= Work instruction =
When you transcribe the listing that follows, keep every line exact and skip any picture.

Data records Block Start

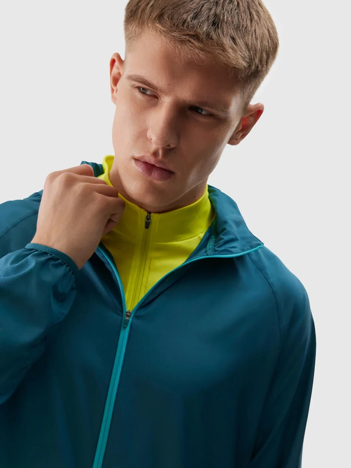 Pánská běžecká bunda má integrovanou kapuci, kterou lze složit a uložit do límce. Krk je krytý stojáčkem, který chrání před mírným prochladnutím. Rukávy jsou zakončeny nenastavitelnými manžetami s elastickým lemováním. Podél trupu se nachází větrací panel z prodyšné síťoviny, který zlepšuje proudění vzduchu.
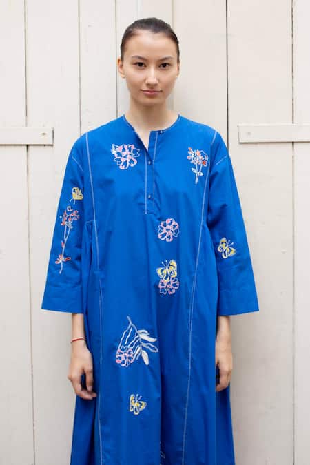 Cobalt blue midi dress featuring scattered multicolour thread embroidered butterfly and floral motifs
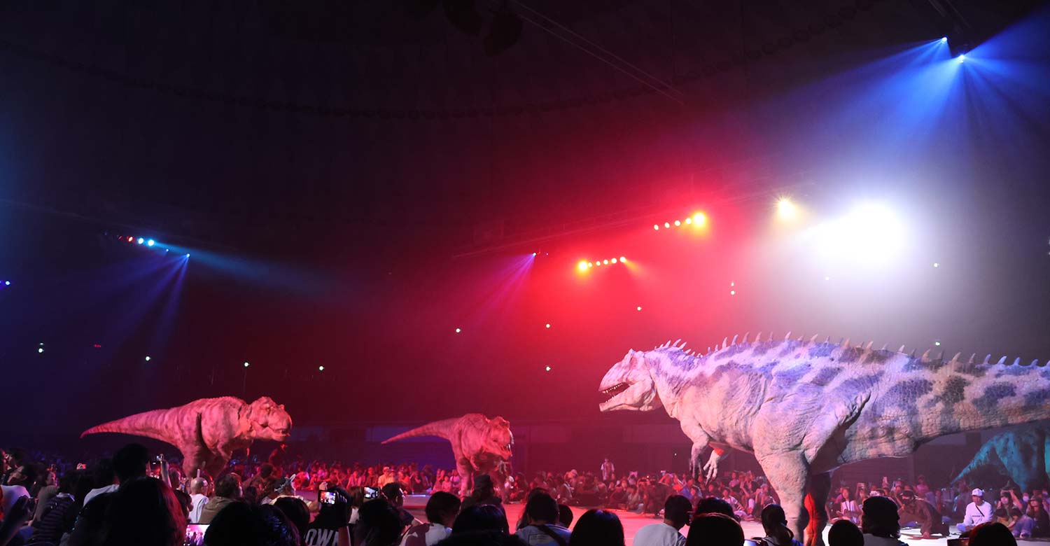 毎年GWに渋谷ヒカリエで開催されている「DINO SAFARI」がついにアリーナツアーに!! 恐竜が多数出没するという「サファリフィールド」が日本中に同時多発出現。参加者はサファリガイドや恐竜レンジャー隊とともに、「GIGANT」と呼ばれる広大なサファリフィールドで過去最大規模の恐竜たちの出現に遭遇する。そしてその最奥で新たに発見された最恐・最強の肉食恐竜とティラノサウルス兄弟との決戦を見届ける事に!
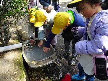 1年生活科では校外学習で鼎春園の冬の様子を調べに行きました。手水鉢の水の冷たさ、梅の木の蕾などに気付いたようです。寒さの中に春が近づいていることを発見できました。
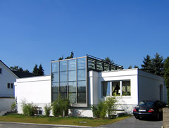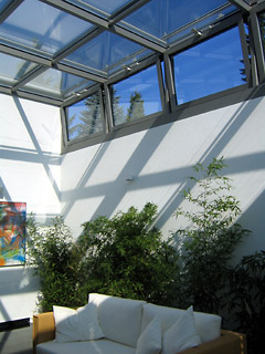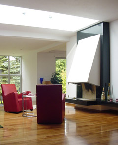 Das neue Oberlicht im Kaminbereich läßt Tageslicht auch in tiefere Bereiche des Hauses - die offenen Wohnräume werden durch Tageslicht strukturiert.
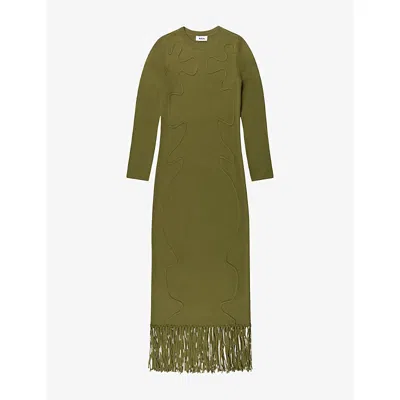Womens Khaki Appliquéd Knitted Midi Dress Xs In Green
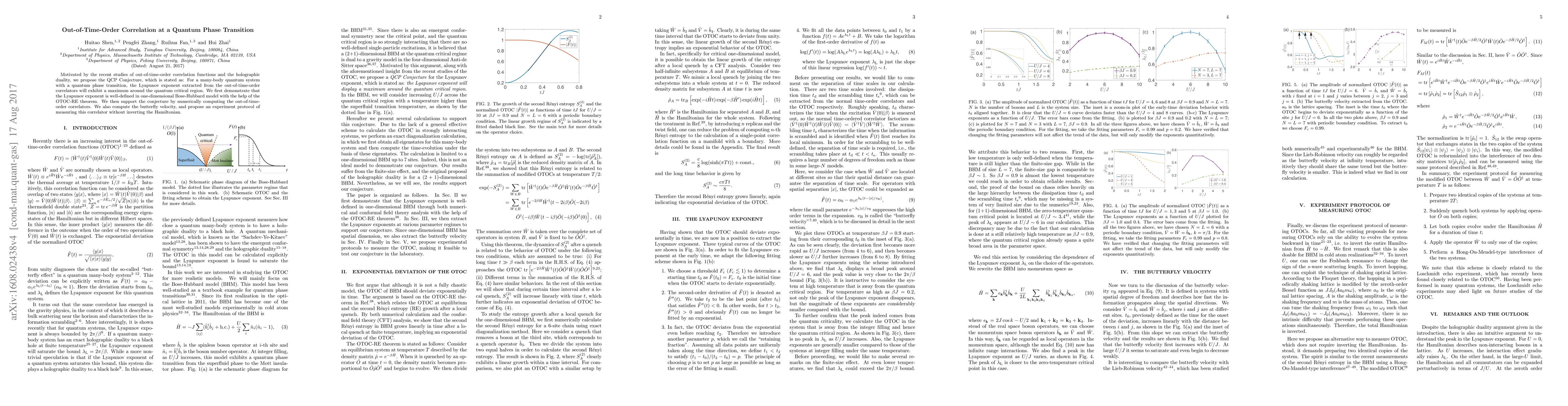 This paper numerically investigates out-of-time-order correlation functions in the one-dimensional Bose-Hubbard model to support the conjecture that quantum phase transitions exhibit a peak in the Lyapunov exponent. The study finds an exponential behavior in the correlation function, supporting the conjecture and revealing the butterfly velocity in cold atom systems.
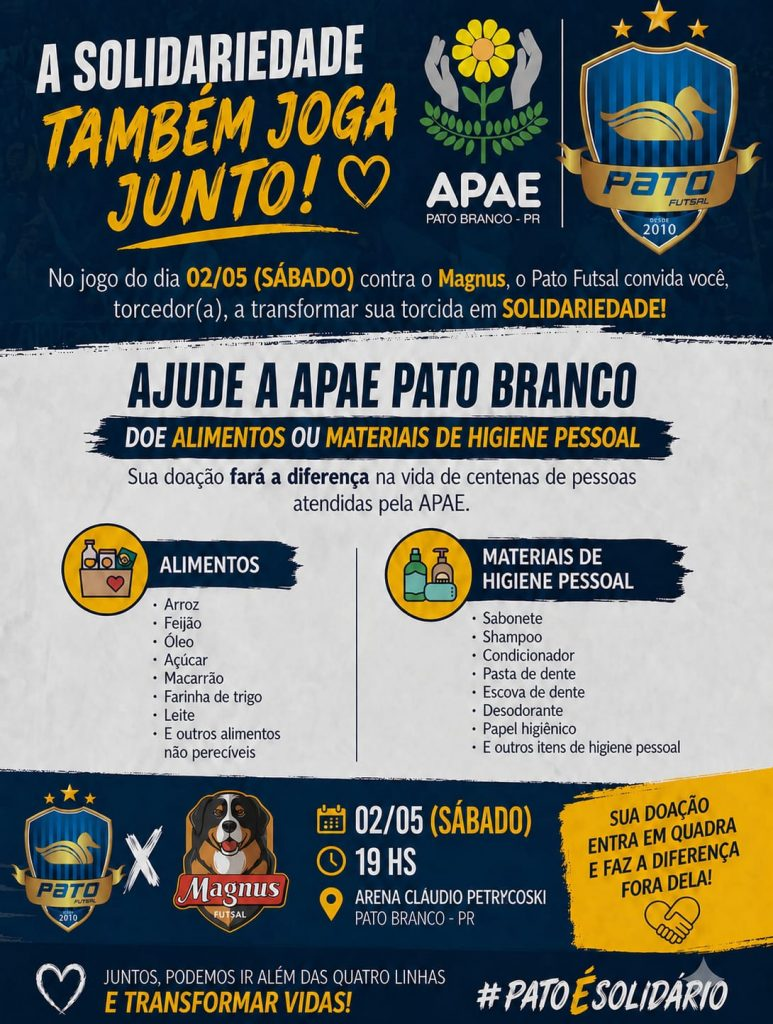 Em mais um gesto de responsabilidade social, o Pato Futsal vai promover a campanha de arrecadação de alimentos não-perecíveis e produtos de higiene pessoal para APAE Pato Branco. As doações poderão ser realizadas na Arena Cláudio Petrycoski, neste sábado (02), no dia da partida contra o Magnus, às 19h, pela Liga Nacional de Futsal 2026. As caixas personalizadas da APAE estarão distribuídas nos portões de acesso da Arena.
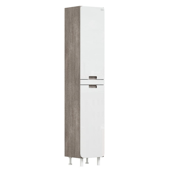 Ункальность пенала в его дизайне: корпус цвета мешковины со структурой бетона отлично сочетается с белым глянцевым фасадом с закругленными углами.
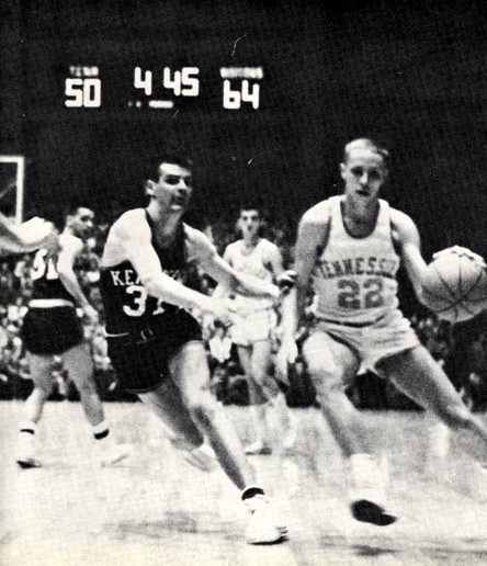 UT's Bobby Carter (#22) drives against Dick Parsons

Data records Block End

= Response to the exercise =
 Pánská běžecká bunda má integrovanou kapuci, kterou lze složit a uložit do límce. Krk je krytý stojáčkem, který chrání před mírným prochladnutím. Rukávy jsou zakončeny nenastavitelnými manžetami s elastickým lemováním. Podél trupu se nachází větrací panel z prodyšné síťoviny, který zlepšuje proudění vzduchu.
 Cobalt blue midi dress featuring scattered multicolour thread embroidered butterfly and floral motifs
 毎年GWに渋谷ヒカリエで開催されている「DINO SAFARI」がついにアリーナツアーに!! 恐竜が多数出没するという「サファリフィールド」が日本中に同時多発出現。参加者はサファリガイドや恐竜レンジャー隊とともに、「GIGANT」と呼ばれる広大なサファリフィールドで過去最大規模の恐竜たちの出現に遭遇する。そしてその最奥で新たに発見された最恐・最強の肉食恐竜とティラノサウルス兄弟との決戦を見届ける事に!
 1年生活科では校外学習で鼎春園の冬の様子を調べに行きました。手水鉢の水の冷たさ、梅の木の蕾などに気付いたようです。寒さの中に春が近づいていることを発見できました。
 Das neue Oberlicht im Kaminbereich läßt Tageslicht auch in tiefere Bereiche des Hauses - die offenen Wohnräume werden durch Tageslicht strukturiert.
Womens Khaki Appliquéd Knitted Midi Dress Xs In Green
 This paper numerically investigates out-of-time-order correlation functions in the one-dimensional Bose-Hubbard model to support the conjecture that quantum phase transitions exhibit a peak in the Lyapunov exponent. The study finds an exponential behavior in the correlation function, supporting the conjecture and revealing the butterfly velocity in cold atom systems.
 Em mais um gesto de responsabilidade social, o Pato Futsal vai promover a campanha de arrecadação de alimentos não-perecíveis e produtos de higiene pessoal para APAE Pato Branco. As doações poderão ser realizadas na Arena Cláudio Petrycoski, neste sábado (02), no dia da partida contra o Magnus, às 19h, pela Liga Nacional de Futsal 2026. As caixas personalizadas da APAE estarão distribuídas nos portões de acesso da Arena.
 Ункальность пенала в его дизайне: корпус цвета мешковины со структурой бетона отлично сочетается с белым глянцевым фасадом с закругленными углами.
 UT's Bobby Carter (#22) drives against Dick Parsons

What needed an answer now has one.